RAKKAS
16 Ocak 2017 09:09:33
İstenmeyen bir olguyu başınızı çevirerek yok edemezsiniz. Böyle yaptığınızda tek yaptığınız o olguya aklınızı ve vicdanınızı kapatmak olur.
Bir toplumda, sırf etnik kökeni dolayısıyla bazı insanların dışlanması, aynı sebepten ötürü toplum içinde bir grup insanın küçümsemeye maruz bırakılması, yeteneği ne olursa olsun iş ararken tercih dışı bırakılması, velilerin sırf etnik kökenini gerekçe göstererek, birtakım çocukların kendi çocuklarıyla aynı sırada oturmasını engellemeye çalışması da akıl ve vicdanı kapatmaktan başka nedir?
Bu satırlarda her zaman belirtildiği üzere, Akıl ve Vicdan dediğimiz şey, aslında adaletin ta kendisidir ve bir toplumda adalet ya herkes için vardır, ya da kimse için yoktur. Bunun ortası olduğunu söylemek akla ve vicdana aykırıdır.
Yukarıda sayılanlar, 18. Ve 19. Yüzyılda, kötülerin çirkin karakterize edildiği romantik edebiyat edebiyatının tasvirleri değil. 21. Yüzyıl Türkiye'sinde hala yaşanan bir gerçek. Bugüne kadar toplum tarafından görülmemiş olmasının nedeni, bu olguların gerçek olmayışı değil, görmesi gerekenlerin bakmak yerine başını çevirmesidir.
Tüm yurttaşları için eşit bir yaşam vaadiyle kurulan bu ülkede, dışlanan bu topluluğun adı Roman toplumudur.
***
Gerçeğin kötü bir huyu vardır. Er ya da geç kendi kendini açığa vurur. Güneş balçıkla sıvanmaz, mızrak çuvala sığmaz. Gerçek öyle bir şeydir ki kapıdan kovarsanız bacadan içeri girer.

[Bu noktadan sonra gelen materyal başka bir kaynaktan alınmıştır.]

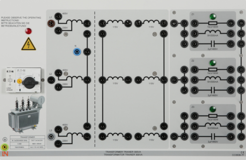 Mit dem Transformatortrainer lassen sich alle Schaltungen von Ein- und Dreiphasentransformatoren aufbauen und untersuchen. Die Platte besteht aus einem speziellen Transformator und einer darauf abgestimmten RLC-Last. Die Absicherung erfolgt mittels Motorschutzschalter und Temperaturüberwachung.
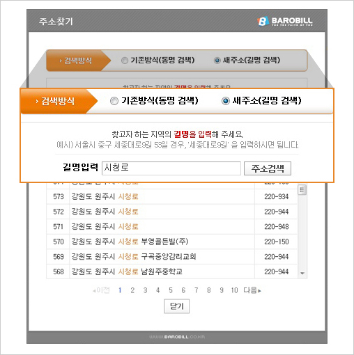 주소 검색방식에 기존의 동명 검색방식에 신주소 체계인 길명 검색방식이 추가되었습니다. |

Roman toplumu uzunca bir süredir toplum ve devlet tarafından yapay şekilde oluşturulan bu dışlanmışlık çemberini kırmaya çalışıyor. Ereğli'de kurulan Batı Karadeniz Romanlar Derneği bu çemberi kırmak için kurulan bir sivil toplum örgütü mesela. Yetmedi; Ereğli'de Romanspor diye bir futbol takımı kuruldu. Amatör liglerde gayet başarılı bir performans gösteriyor.
Romanlar, yeri geldiğinde ilgili kurumlardan destek alarak projeler gerçekleştiriyor. Batı Karadeniz Romanları Derneği'nin girişimleriyle ve çeşitli kamu kurumlarının desteğiyle gündeme getirilen RAKKAS projesi bunlardan biri. Projeye Ereğli Belediyesi ve Avrupa birliği finansman sağlıyor; Çalışma Bakanlığı, İşkur, Halk Eğitim ve başka kurumlar da projenin uygulanmasında aktif görev üstleniyor.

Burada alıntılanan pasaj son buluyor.